Abstract
We report spectroscopic characterization of Fe:ZnSe quantum dots (for 2% of Zn/Fe molar ratio) fabricated by microemulsion hydrothermal synthesis. Mid-IR photoluminescence of the 5E↔5T2 transition of Fe2+ ions over 3.5-4.5 μm spectral range was observed in Fe:ZnSe quantum dot samples and kinetics of luminescence have been characterized at temperatures of 30-300 K under direct (2.788 μm) mid-IR excitation and indirect (0.355 μm) photoionization excitation. The radiative lifetime (τrad) was estimated from these measurements to be 48 µs while lifetime at room temperature was measured to be 440 ns. This agrees closely with the behavior of bulk material.
Highlights
Transition metal (TM) doped and undoped wideband II–VI semiconductor nanoparticles and quantum dots (QDs) have attracted a great deal of interest
Works studying II–VI QDs doped with transition metals prepared by chemical means have demonstrated poor optical characteristics in the mid-IR spectral region due to the high density of surface defects associated with most methods of synthesis resulting in the quenching of mid-IR luminescence [14,15,16]
Mid-IR luminescence in the 2–6 μm spectral range has been demonstrated in Co, Cr, and Fe doped II–VI nanocrystals produced by laser ablation, and laser oscillation has been achieved under direct excitation [12,17]; this laser ablation method is not readily scalable and offers poor control of particle size distribution
Summary
Transition metal (TM) doped and undoped wideband II–VI semiconductor nanoparticles and quantum dots (QDs) have attracted a great deal of interest.

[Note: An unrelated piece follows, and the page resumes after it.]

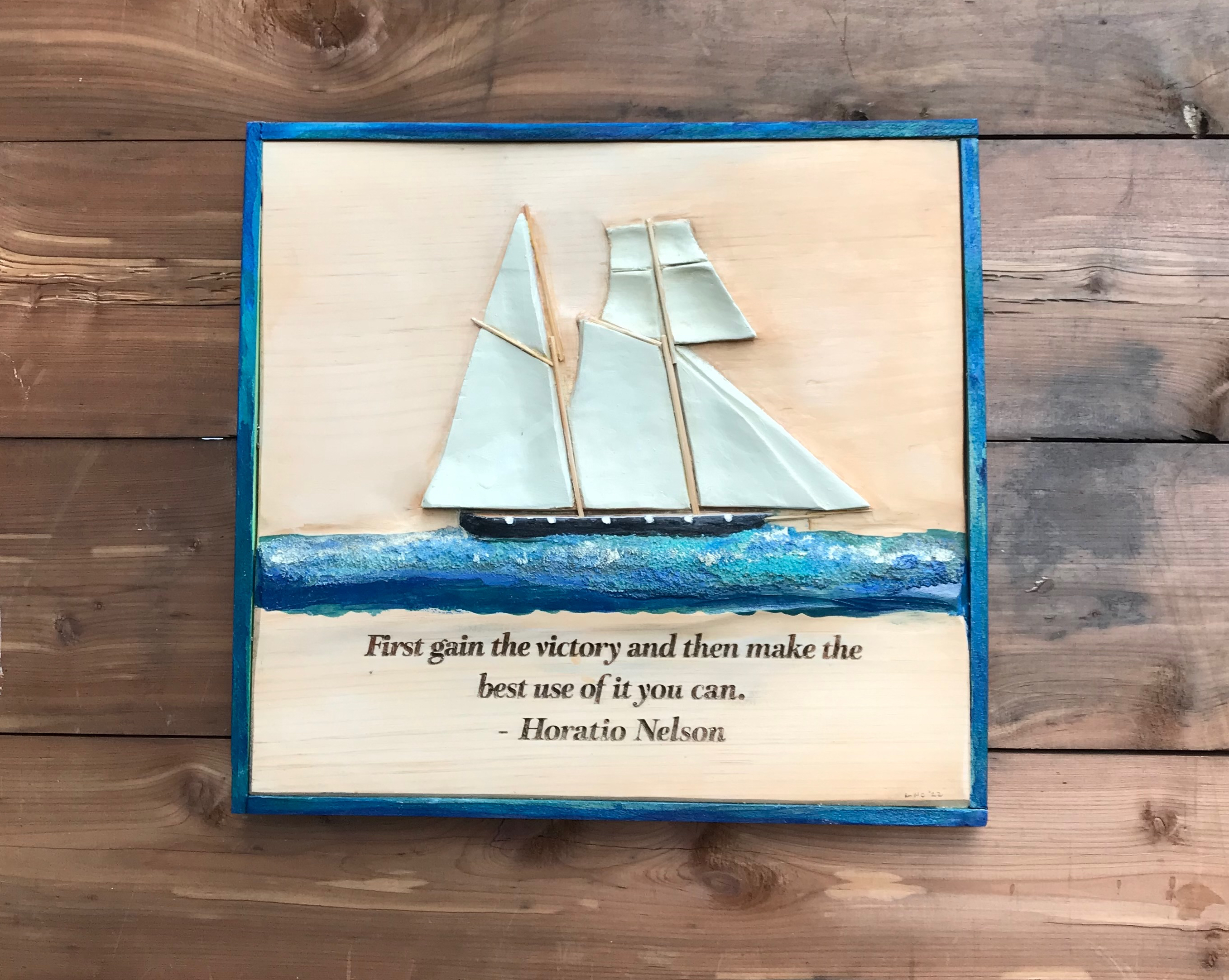 It’s tempting to pull a router out- roooom, roooom! But you have better control of how the background will look when you do it with gouges. After all, part of it is the sea around the hull, and you need the contour to add depth and perception to the foreground. Also, I’d like to play with some contour in the sky with cloudscapes. Up to now I’ve painted the sky in, but how about carving the sky in? We’ll see.

In the case of ZnSe, crystals doped with TMs (such as Mn and Cu) have been characterized extensively and successfully with the stable and efficient band–edge emission at energies slightly lower than the band-gap (580 to 600 nm for Mn:ZnSe [4,5,6], 350 to 500 nm for Cu:ZnSe [7,8,9]) These TM doped QDs exhibit high efficiency and high temperature stability as well as long photoluminescence lifetimes. Works studying II–VI QDs doped with transition metals (such as Ni, Co, Fe, and Cr) prepared by chemical means have demonstrated poor optical characteristics in the mid-IR spectral region due to the high density of surface defects associated with most methods of synthesis resulting in the quenching of mid-IR luminescence [14,15,16]. We demonstrate the first spectroscopic characterization of chemically synthesized Fe:ZnSe QDs in the mid-IR spectral range over a range of temperatures (30– 300K)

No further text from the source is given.